EXERCISE DIRECTIONS –
In full and word for word, copy the listing; no pictures belong in the copy.

MATERIAL PROVIDED –
......

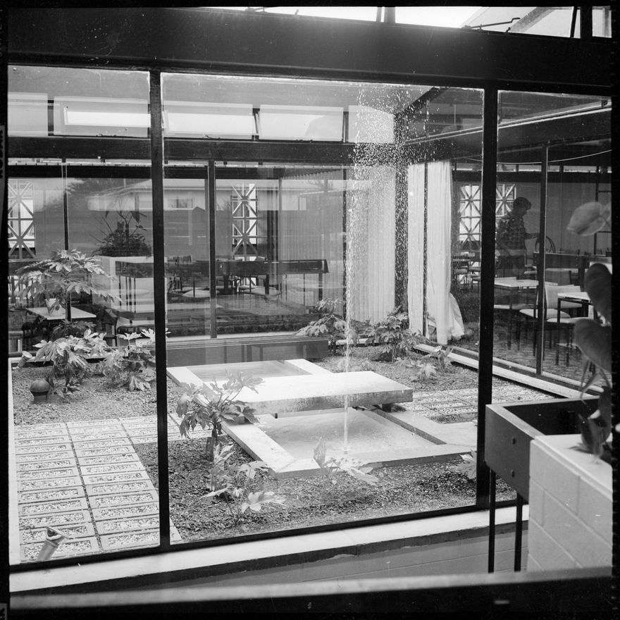This image was taken for a story that ran in The Manawatu Evening Standard on 3rd December 1965 "The simplicity of design does not detract from the effective glassed partition between the two lounge bars in the new Awapuni Hotel."
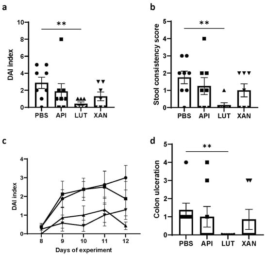 Measurements of several UC parameters in UC-induced animals from the four studied cohorts: (a) DAI index, (b) stool consistency score at day 12, (c) progression of the DAI index during the last five days of the experiment, and (d) colon ulceration at day 12. Comparisons were performed between the PBS control cohort and each flavonoid treatment cohort. In all cases, luteolin treatment showed a strong protective effect. Circle: control cohort; square: apigenin treatment cohort; upward triangle: luteolin treatment cohort; downward triangle: xanthohumol treatment cohort. Asterisks indicate statistically significant differences (** p < 0.005).
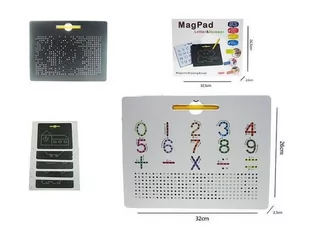 Tablica magnetyczna z kulkami. Zabawa polega na rysowaniu załączonym rysikiem z magnesem (przy dotknięciu rysika do tablicy - wysuwają się kuleczki - powstają napisy lub obrazki). W zestawie są także szablony. Wymiary opakowania: 32x26,5x2,5 cm.
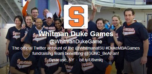 I am still managing both the Twitter and Facebook pages for the Whitman Team, and will be until the Duke MBA Games in April. As I continue through the rest of the year, I am optimistic that we will gain a larger social media presence, which will increase our fundraising efforts. Additionally, as I continue through this process, I am sure I will continue to fail and I learn what doesn’t work, but I am sure I will succeed as well as I learn what does.

......

RESPONSE AREA –
This image was taken for a story that ran in The Manawatu Evening Standard on 3rd December 1965 "The simplicity of design does not detract from the effective glassed partition between the two lounge bars in the new Awapuni Hotel."
 Measurements of several UC parameters in UC-induced animals from the four studied cohorts: (a) DAI index, (b) stool consistency score at day 12, (c) progression of the DAI index during the last five days of the experiment, and (d) colon ulceration at day 12. Comparisons were performed between the PBS control cohort and each flavonoid treatment cohort. In all cases, luteolin treatment showed a strong protective effect. Circle: control cohort; square: apigenin treatment cohort; upward triangle: luteolin treatment cohort; downward triangle: xanthohumol treatment cohort. Asterisks indicate statistically significant differences (** p < 0.005).
 Tablica magnetyczna z kulkami. Zabawa polega na rysowaniu załączonym rysikiem z magnesem (przy dotknięciu rysika do tablicy - wysuwają się kuleczki - powstają napisy lub obrazki). W zestawie są także szablony. Wymiary opakowania: 32x26,5x2,5 cm.
 I am still managing both the Twitter and Facebook pages for the Whitman Team, and will be until the Duke MBA Games in April. As I continue through the rest of the year, I am optimistic that we will gain a larger social media presence, which will increase our fundraising efforts. Additionally, as I continue through this process, I am sure I will continue to fail and I learn what doesn’t work, but I am sure I will succeed as well as I learn what does.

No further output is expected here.